You have a business plan and a well-developed brand strategy. So what now?
How do you translate those documents into visuals for your business? How is that related to your logo, website? You want your business to look smart, knowledgeable, clean, professional or whatever that might be… but how do you actually do that?
Start with Your Target
To translate your strategy into visuals, you need to start from knowing your ideal client really well.
Not just in a sense of what gender they are, where they live and what their salaries are. Not just demographics but more importantly their psychographics. What do they like, what are their interests, what do they care about?
If you are wondering how is this now related to translating the brand strategy into visuals, well – who are you going to create visuals for? You need to dive deep into what they would like to see. Everything you create and do with your brand and business is for your target. Especially visuals. Logo, business cards, good and functional website is something that would attract them to you and business, and that is how you grow revenue and scale your business. So, know your target, spend some time in trying to go into their heads and why they do what they do. Are you their solution?
Brand Attributes & Brand Voice
Brand is like a person and can have characteristics, the same as people have. Your brand can be fun, friendly, relaxed. It can be whatever you want people to think about your brand and your business in general. Brand attributes always get developed in the process of creating brand strategy, and they are based on your target.
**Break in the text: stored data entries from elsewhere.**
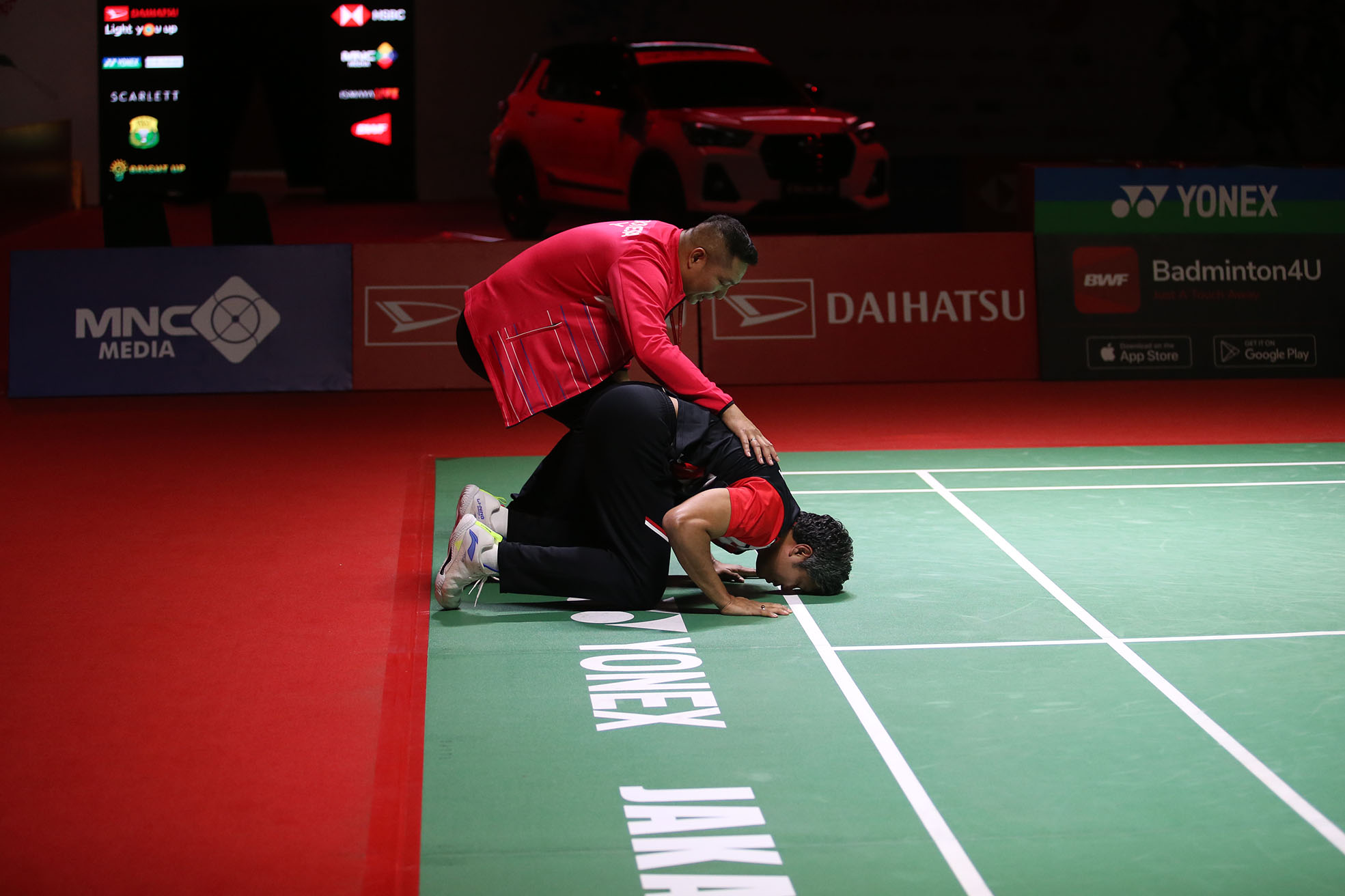 Sujud syukur coach Irwansyah bersama coach Harry Hartono seusai Chico Aura Dwi Wardoyo berhasil memenangkan pertandingan semifinal Daihatsu Indonesia Masters 2023, Sabtu (28/1). (Foto : HO/Humas PP PBSI/Erly Bahtiar/Sportsmoment)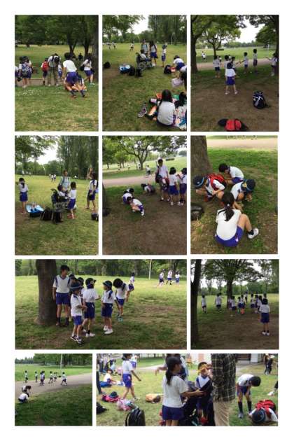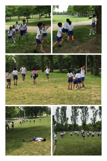 お弁当とおやつを食べ終えたら、みんなで遊びます。広〜い公園、何して遊ぼうかな??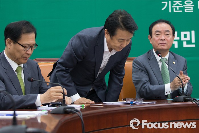 (서울=포커스뉴스) 김영환(가운데) 국민의당 신임 사무총장이 13일 오전 서울 여의도 국회에서 열린 최고위원회의에 참석해 인사하고 있다.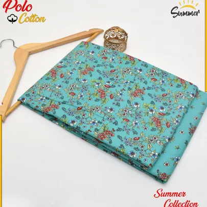 Discover the refreshing beauty of summer with this lovely aqua 2-piece floral digital print set from Polo Cotton's 2025 collection. Crafted in soft and breathable micro polo cotton, this ensemble offers both style and comfort. The charming floral design is digitally printed for lasting color vibrancy. This convenient 2-piece set is perfect for creating delightful summer outfits, ideal for the warm weather. The fabric is neatly folded on a clean, white surface, ready to be purchased and stitched. The primary color is a beautiful and refreshing shade of teal or aqua blue, a perfect hue for the hot climate of Faisalabad. It is decorated with an intricate and delicate all-over floral pattern. The small, detailed flowers and leaves are rendered in a charming mix of colors, including soft reds, maroon, white, and various shades of green, creating a harmonious and aesthetically pleasing look. The design is dense yet not overwhelming, giving the fabric a rich, vibrant appearance. Made from the brand's signature "Polo Cotton," the material is lightweight and breathable, making it an excellent choice for crafting comfortable and fashionable shalwar kameez, kurtas, or dresses for everyday wear or casual events during the summer season. This fabric combines a timeless floral design with a modern color palette, offering both elegance and comfort.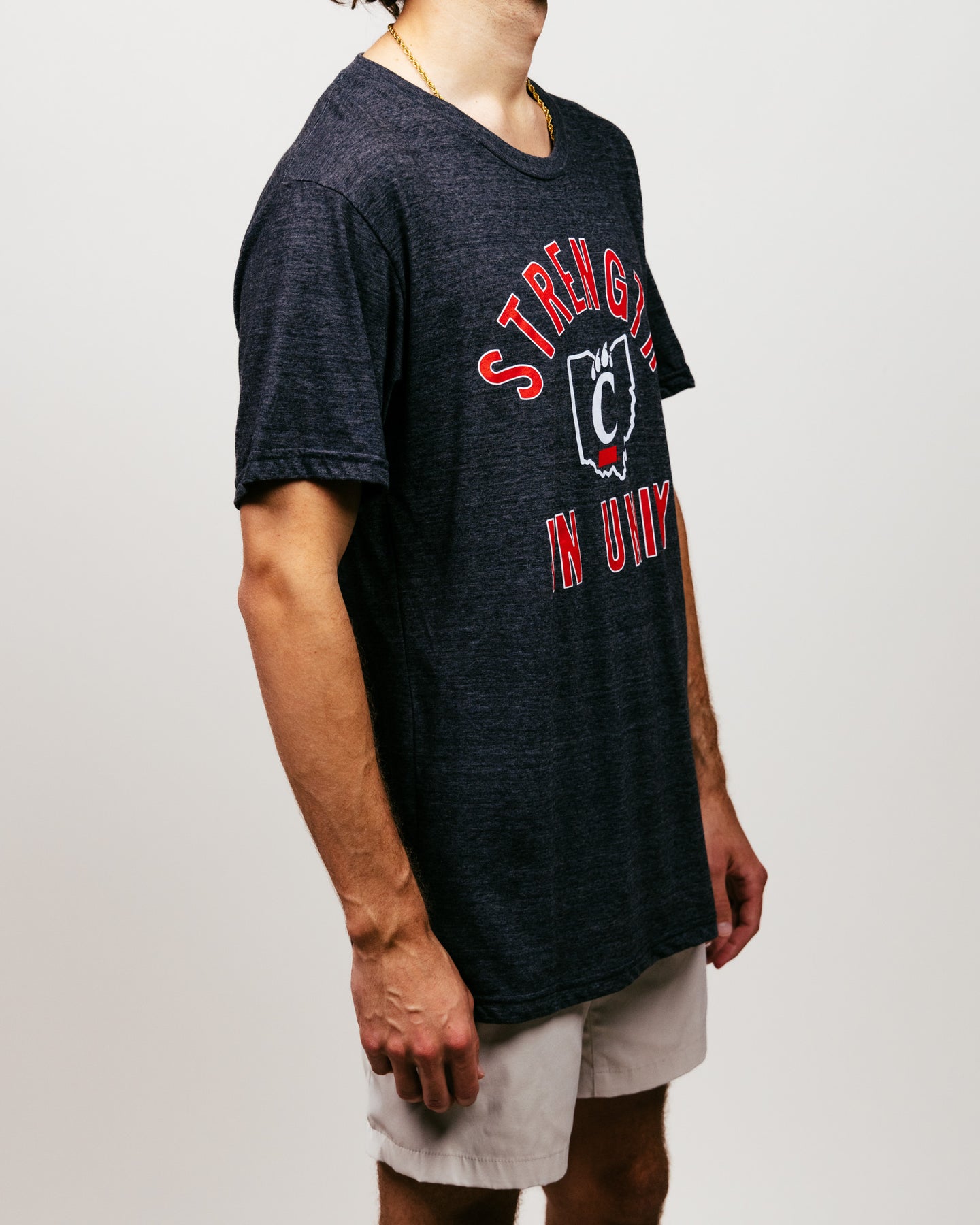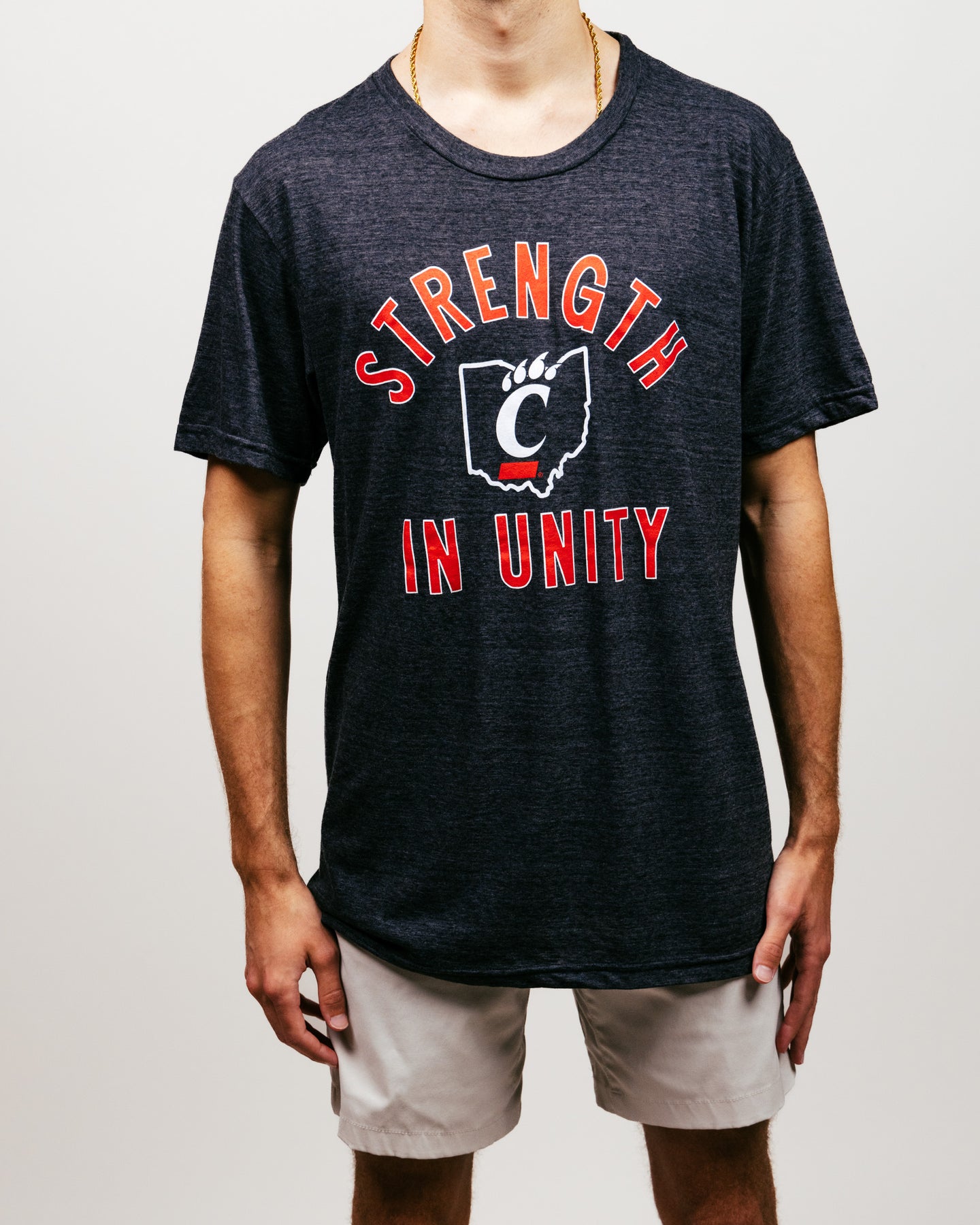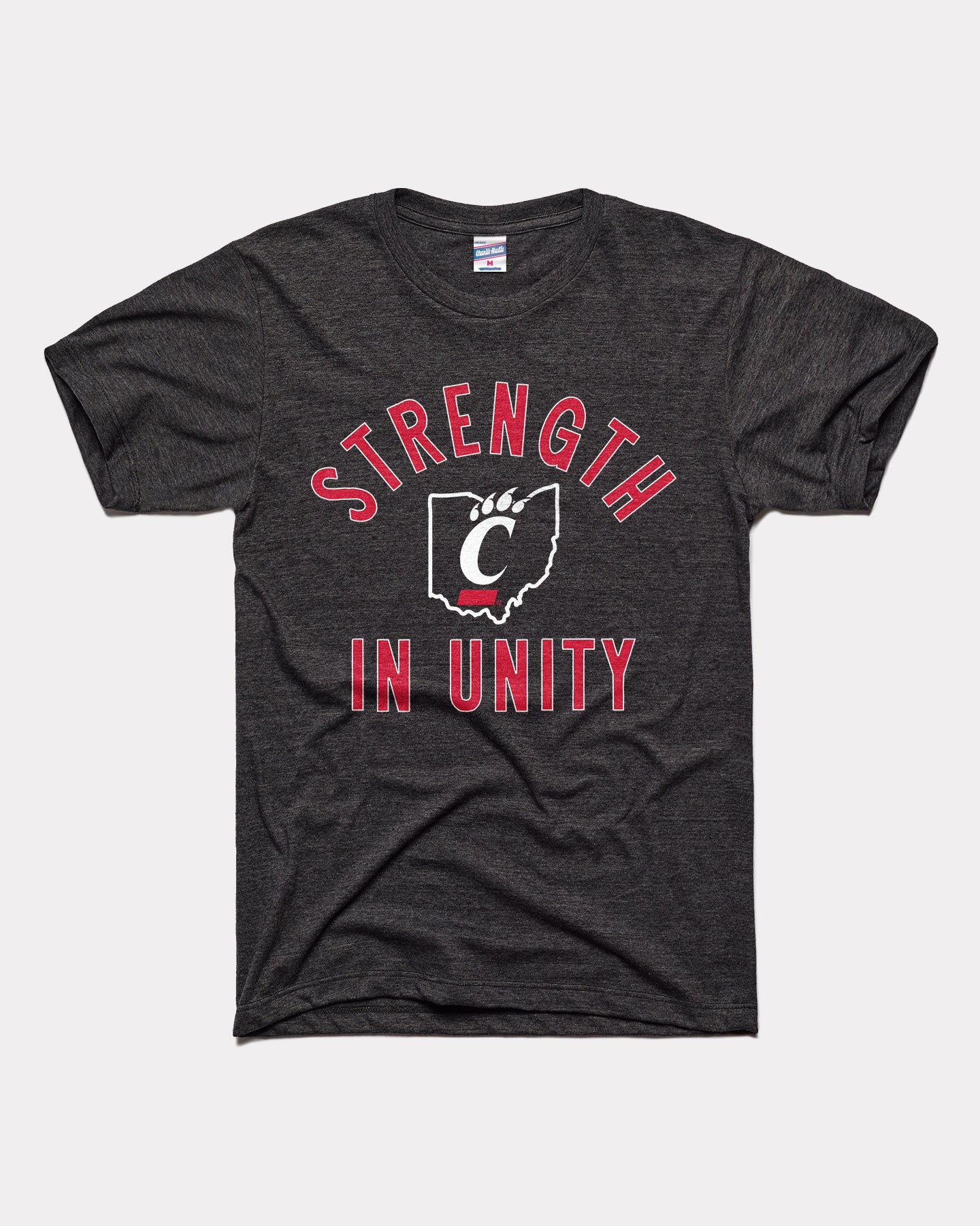 Rally together with the power of one team, one dream with our Cincinnati Bearcats Strength in Unity T-Shirt. This vintage-inspired Cincinnati tee embodies the core values of teamwork and solidarity that the Bearcats stand for and makes a statement both on and off the field. Wear it as a symbol of your Bearcat pride and commitment to unity!
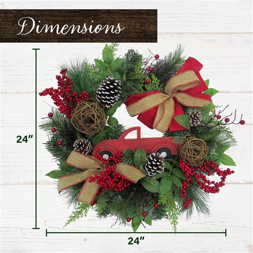 Fraser Hill Farm 24″ Wreath with Bows and Truck and 9′ Garland Set

How would you describe your target? Imagine a person buying your product or services. Describe that person. In my branding business that is someone who is busy, frustrated with day to day tasks in their business, don’t know how to scale revenue, visual branding is simply off, and so on.
Does that mean my branding should look busy, with too many information? No! Quite opposite. I want my target to feel relaxed, satisfied, to trust me and to feel safe. So, I take all the opposite and actually turn the negative into positive. That way I communicate “Do you feel stressed? Your business is stuck? Let me help you by saving your time and actually growing your business.” So, what you need to do is to find attributes for your target, and then how you want your business to sound to that target.
Examples of some attributes of your target: negative, insecure, stressed, sad, boring. And then just turn that into positive and make your brand look: positive, confident, relaxed, happy, fun… Here is an amazing list of attributes.
Your attributes are the base for your designs. Attributes are what’s going to be translated into visuals. You will still need a designer to help you but this is what your designer will need in order to create a brand that will attract your target audience.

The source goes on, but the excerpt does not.